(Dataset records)

-- Opening Marker --

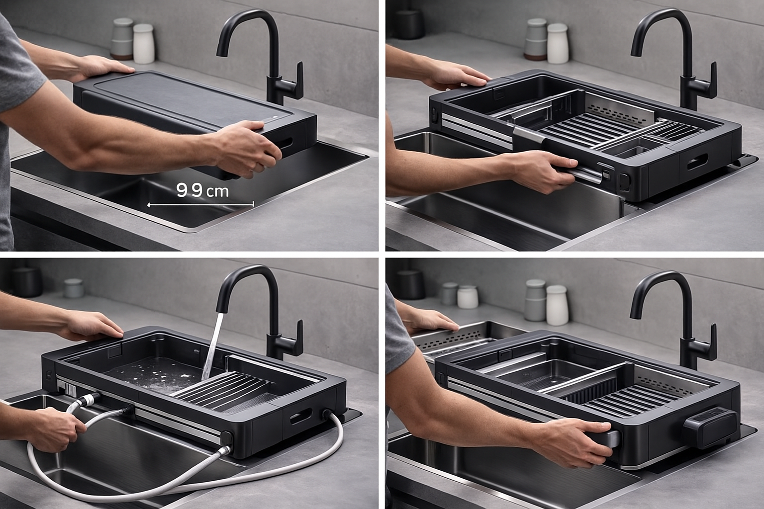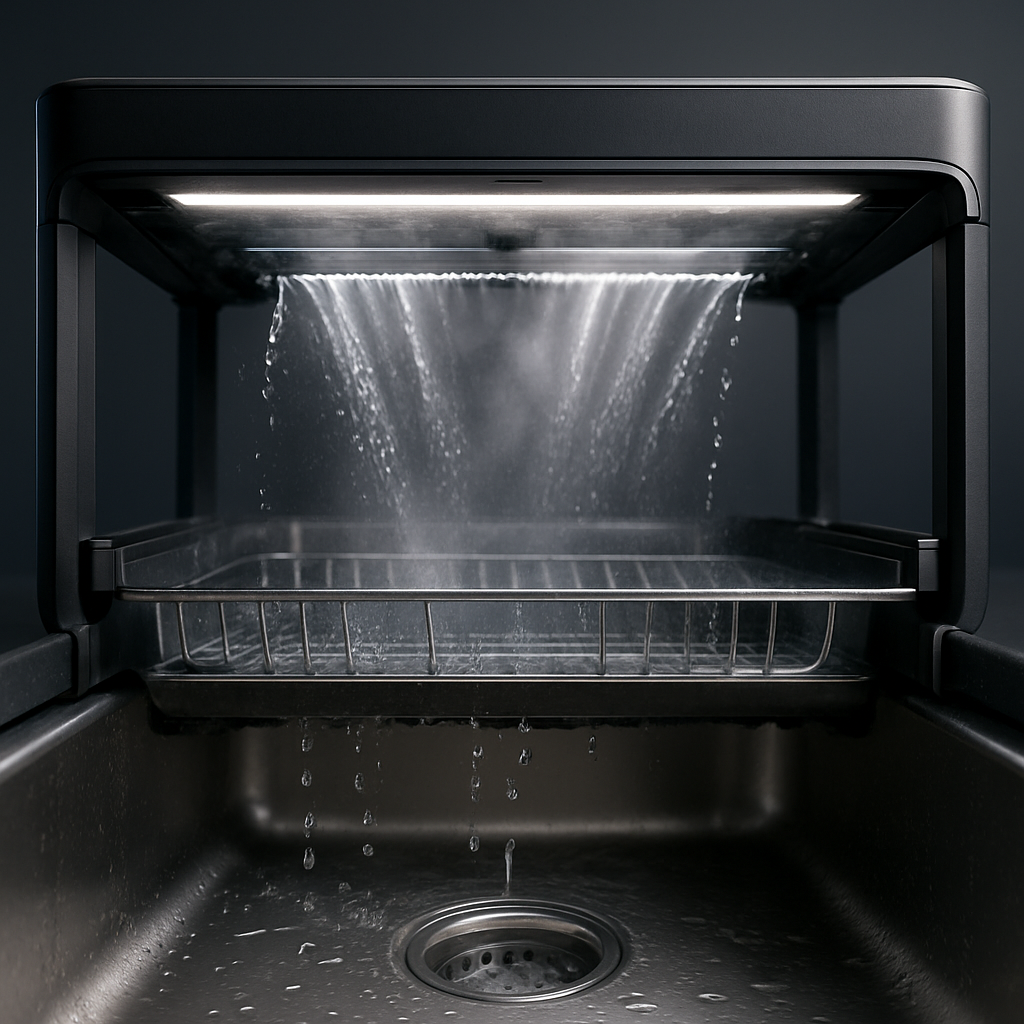 Премиальный складной модуль для мойки и сушки посуды прямо в обычной кухонной раковине, без встройки, без переделки коммуникаций.
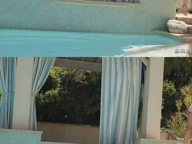 Brenda fiercely pounds her man next to the pool
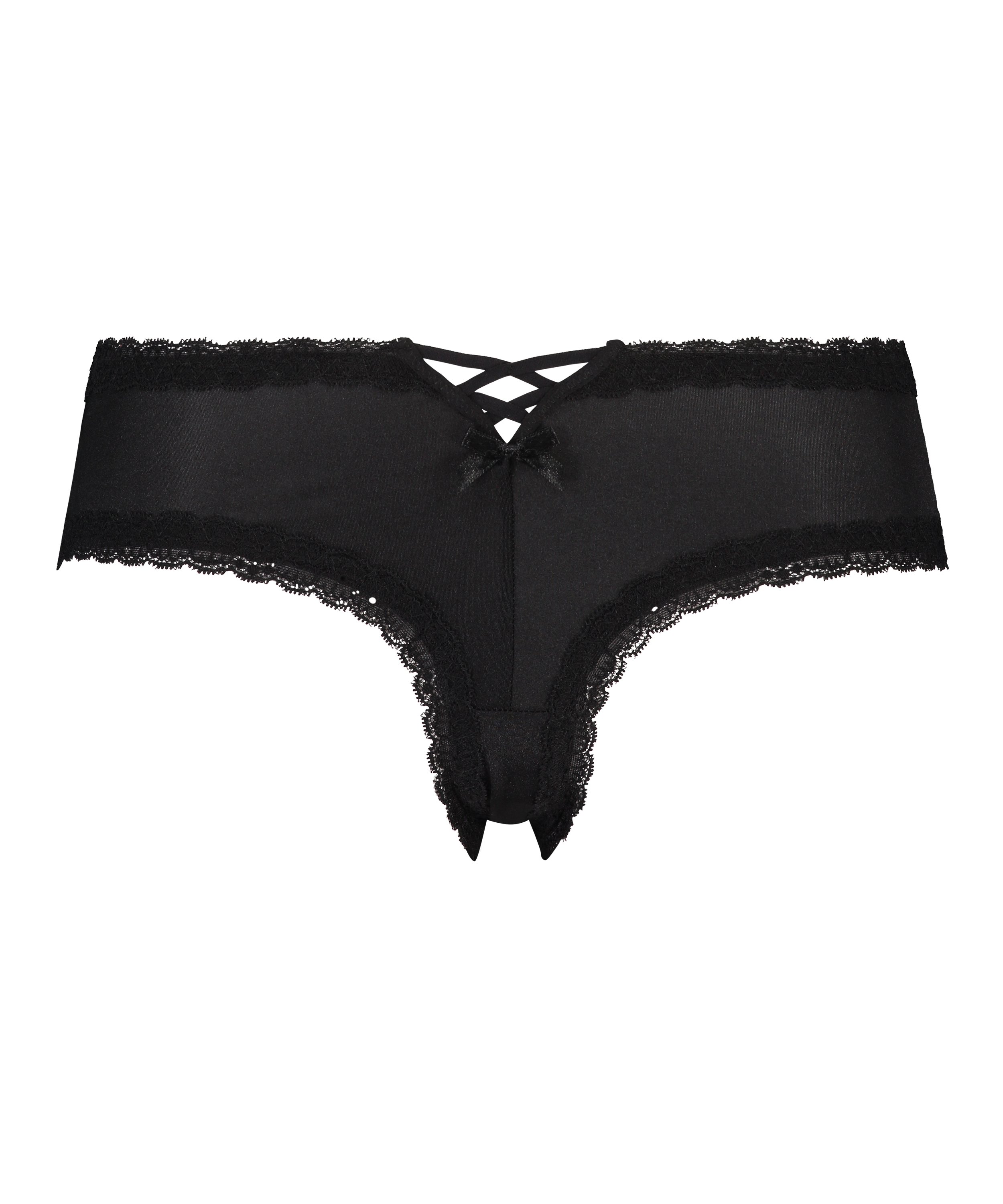 Skap en sexy look med denne vakre brasilianske trusen! Er laget av microfiber og blonder og har strappy detaljer øverst. Kombiner med matchende artikler og du har et komplett sett!
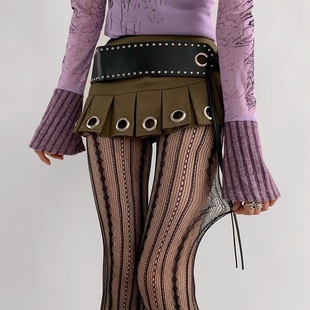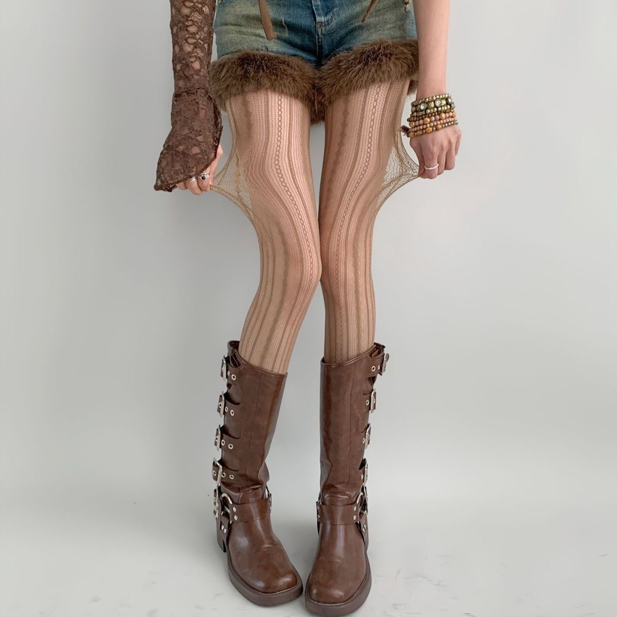 性感棱形灰丝咖色复古个性 袜女 镂空蕾丝渔网袜竖纹提花春夏天连裤
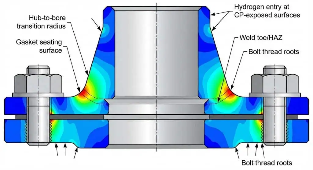 Подводные фланцы уязвимы, потому что они сочетают воздействие катодной защиты, сложную геометрию и высокие напряжения ограничения — часто сконцентрированные в переходе ступицы/отверстия и у сварных швов. Несколько факторов увеличивают вероятность инициации HISC:
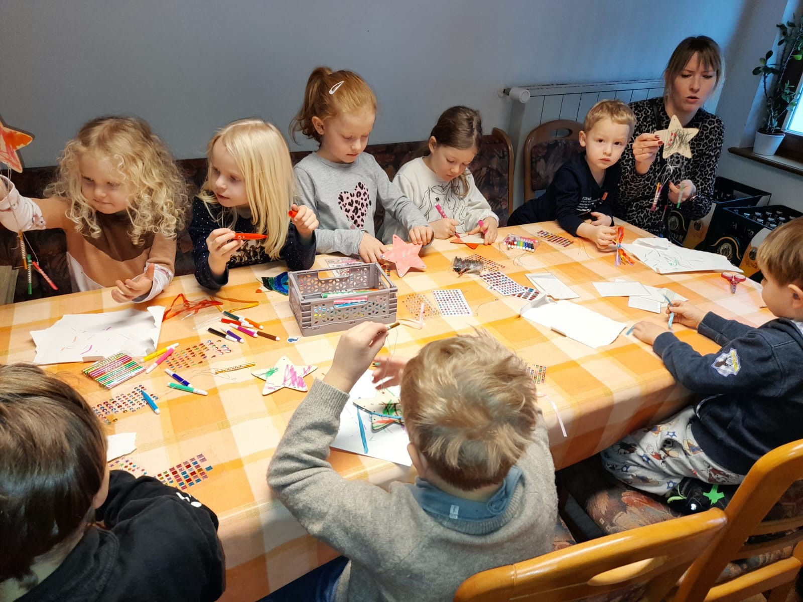 Im Anschluss an das Vorlesen gab es noch eine Bastelaktion. Die Kinder erhielten vorgefertigte Sterne aus Sperrholz, die sie kreativ gestalten konnten – durch Anmalen, Bekleben und Verzieren. Die Sterne durften sie anschließend als Erinnerung mit nach Hause nehmen.
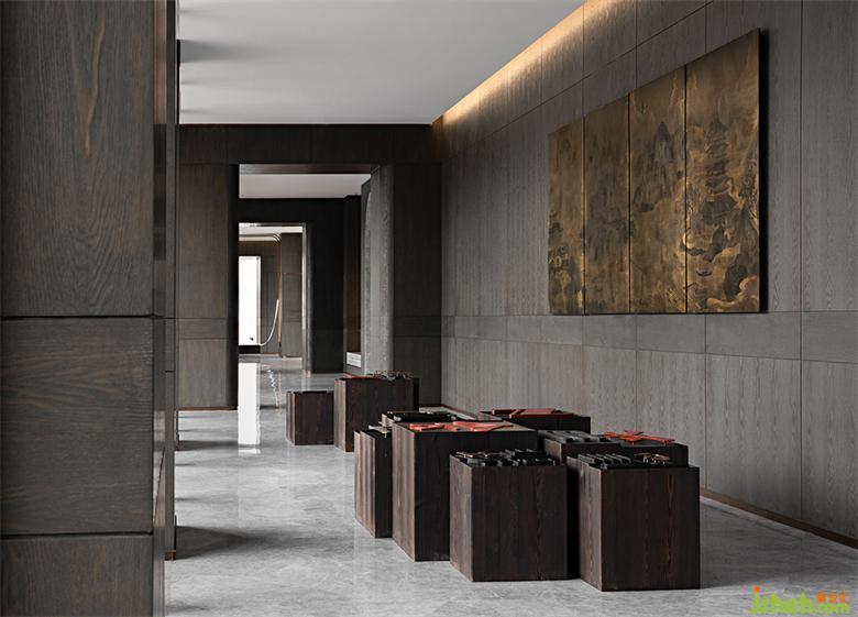 維幾設(shè)計運用層疊的木作線條和大理石壺墻,將建筑語匯與其功能性交互圓融,凝練理性秩序的端莊雅正。
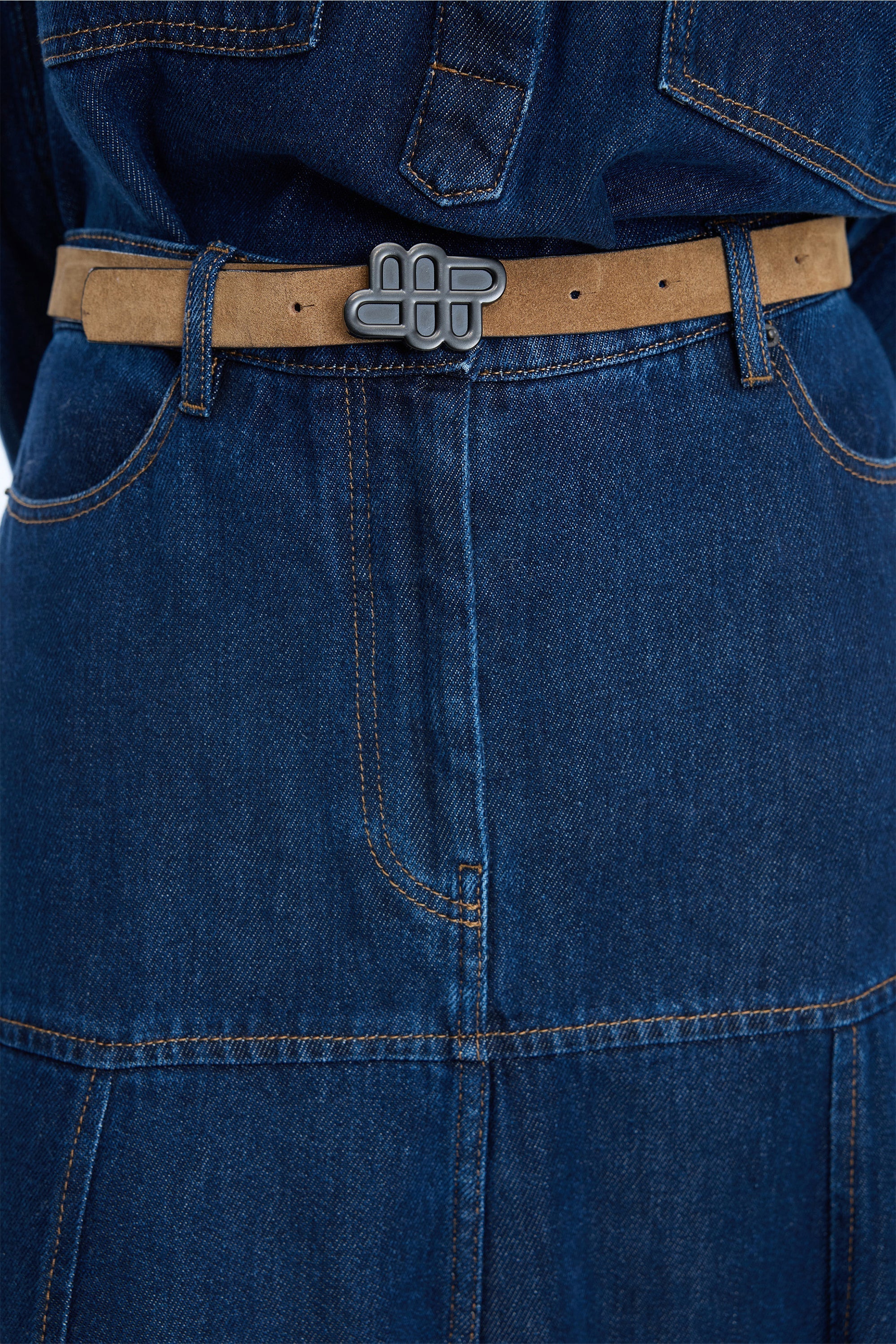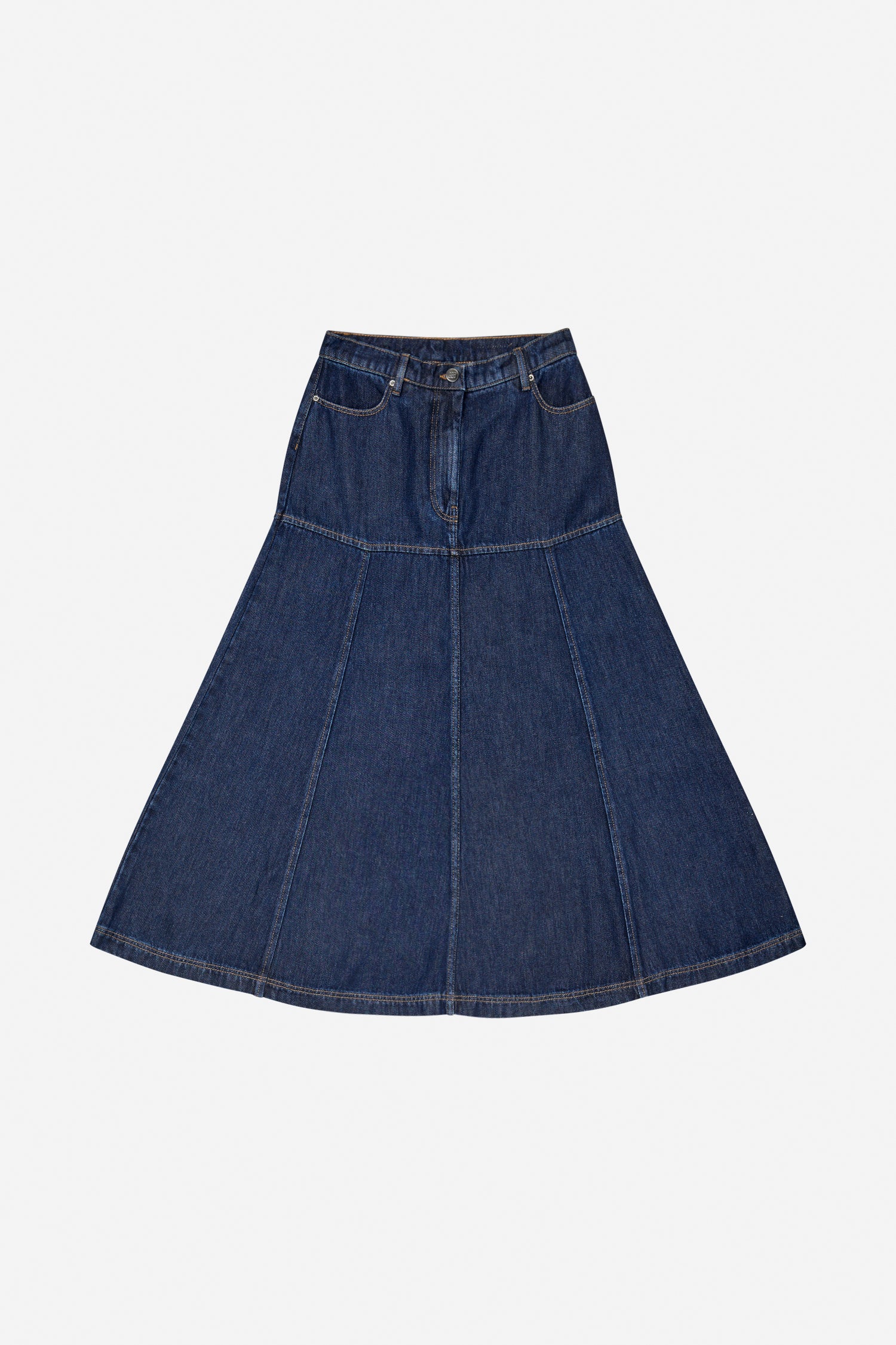 Een prachtige denim rok met een strakke pasvorm rond de heupen en een contrasterend flair effect vanaf de heupen en naar beneden. De rok heeft riemlussen, zakken en een normale pasvorm.
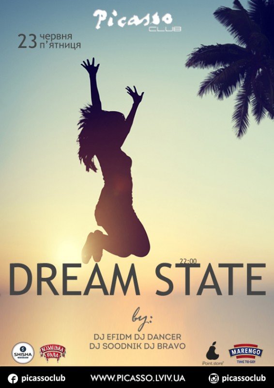 Мабуть у кожного з вас, інколи, з’являється такий стан душі коли хочеться забути про всі негаразди та проблеми, які вас оточують. Виникає бажання поїхати кудись дуже далеко, де немає міської метушні…Dream state занурить вас у справжню атмосферу відпочинку та ейфорії. Ми подбаємо про те, щоб ця ніч була для вас незабутнью.
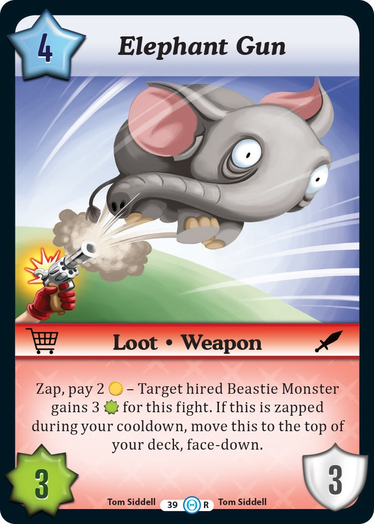 Zap, pay 2 [gold] – Target hired Beastie Monster gains 3 [power] for this fight. If this is zapped during your cooldown, move this to the top of your deck, face-down.
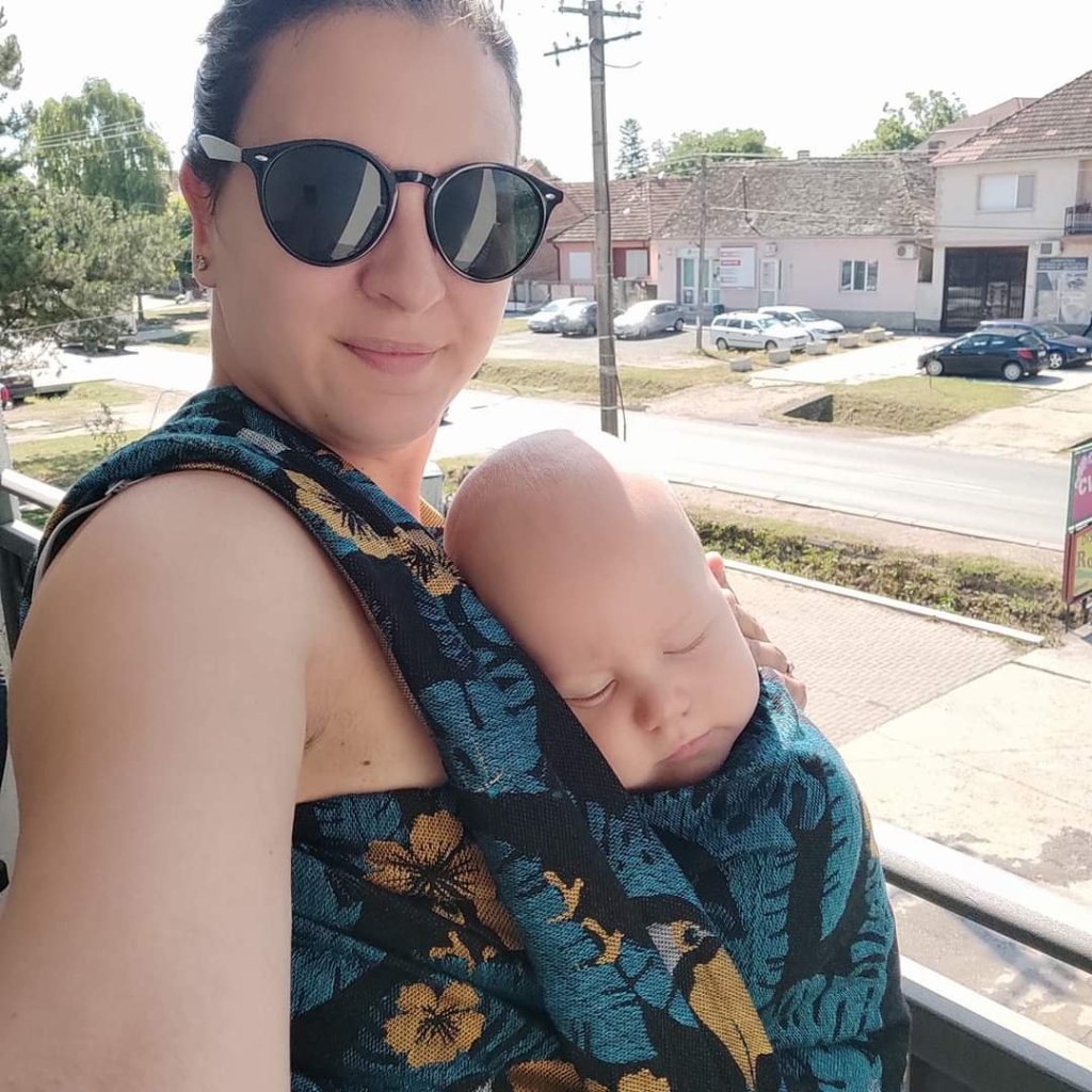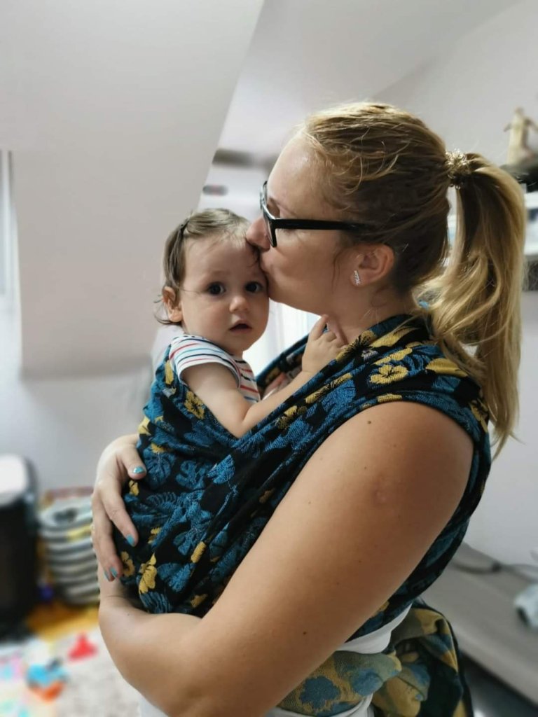 Luckily it was cooler these days when we tested Lolly Wovens Mr. Toucan Cool Jungle wrap in size 6, because it is a bit thicker for really hot weather like +36°C. Nevertheless, the thickness makes it very comfortable, easy on the shoulders and the back of the wearer with toddlers too. It is airy enough, needs a tiny bit of breaking in but it will be soft soon with not much effort. Testee is 17 months old and around 9kg. I love the colours and the design, the blend is pretty interesting too. I’d recommend this for bigger/heavier/older babies, for not so hot weather, and it will be a challenge to try different carries if you are an unexperienced wrapper, but for fwcc and basic ruck it is ok for everybody, it glides nicely but hold good too. Thanks Lenine putujuce nosiljke (Lena’s traveling carriers) and Lolly Wovens for this wonderful opportunity 💚💙💚💙

-- Closing Marker --

__EXERCISE__
Every record above must be given again exactly; drop the pictures.

__OUTPUT FOR THIS TASK__
 Премиальный складной модуль для мойки и сушки посуды прямо в обычной кухонной раковине, без встройки, без переделки коммуникаций.
 Brenda fiercely pounds her man next to the pool
 Skap en sexy look med denne vakre brasilianske trusen! Er laget av microfiber og blonder og har strappy detaljer øverst. Kombiner med matchende artikler og du har et komplett sett!
 性感棱形灰丝咖色复古个性 袜女 镂空蕾丝渔网袜竖纹提花春夏天连裤
 Подводные фланцы уязвимы, потому что они сочетают воздействие катодной защиты, сложную геометрию и высокие напряжения ограничения — часто сконцентрированные в переходе ступицы/отверстия и у сварных швов. Несколько факторов увеличивают вероятность инициации HISC:
 Im Anschluss an das Vorlesen gab es noch eine Bastelaktion. Die Kinder erhielten vorgefertigte Sterne aus Sperrholz, die sie kreativ gestalten konnten – durch Anmalen, Bekleben und Verzieren. Die Sterne durften sie anschließend als Erinnerung mit nach Hause nehmen.
 維幾設(shè)計運用層疊的木作線條和大理石壺墻,將建筑語匯與其功能性交互圓融,凝練理性秩序的端莊雅正。
 Een prachtige denim rok met een strakke pasvorm rond de heupen en een contrasterend flair effect vanaf de heupen en naar beneden. De rok heeft riemlussen, zakken en een normale pasvorm.
 Мабуть у кожного з вас, інколи, з’являється такий стан душі коли хочеться забути про всі негаразди та проблеми, які вас оточують. Виникає бажання поїхати кудись дуже далеко, де немає міської метушні…Dream state занурить вас у справжню атмосферу відпочинку та ейфорії. Ми подбаємо про те, щоб ця ніч була для вас незабутнью.
 Zap, pay 2 [gold] – Target hired Beastie Monster gains 3 [power] for this fight. If this is zapped during your cooldown, move this to the top of your deck, face-down.
 Luckily it was cooler these days when we tested Lolly Wovens Mr. Toucan Cool Jungle wrap in size 6, because it is a bit thicker for really hot weather like +36°C. Nevertheless, the thickness makes it very comfortable, easy on the shoulders and the back of the wearer with toddlers too. It is airy enough, needs a tiny bit of breaking in but it will be soft soon with not much effort. Testee is 17 months old and around 9kg. I love the colours and the design, the blend is pretty interesting too. I’d recommend this for bigger/heavier/older babies, for not so hot weather, and it will be a challenge to try different carries if you are an unexperienced wrapper, but for fwcc and basic ruck it is ok for everybody, it glides nicely but hold good too. Thanks Lenine putujuce nosiljke (Lena’s traveling carriers) and Lolly Wovens for this wonderful opportunity 💚💙💚💙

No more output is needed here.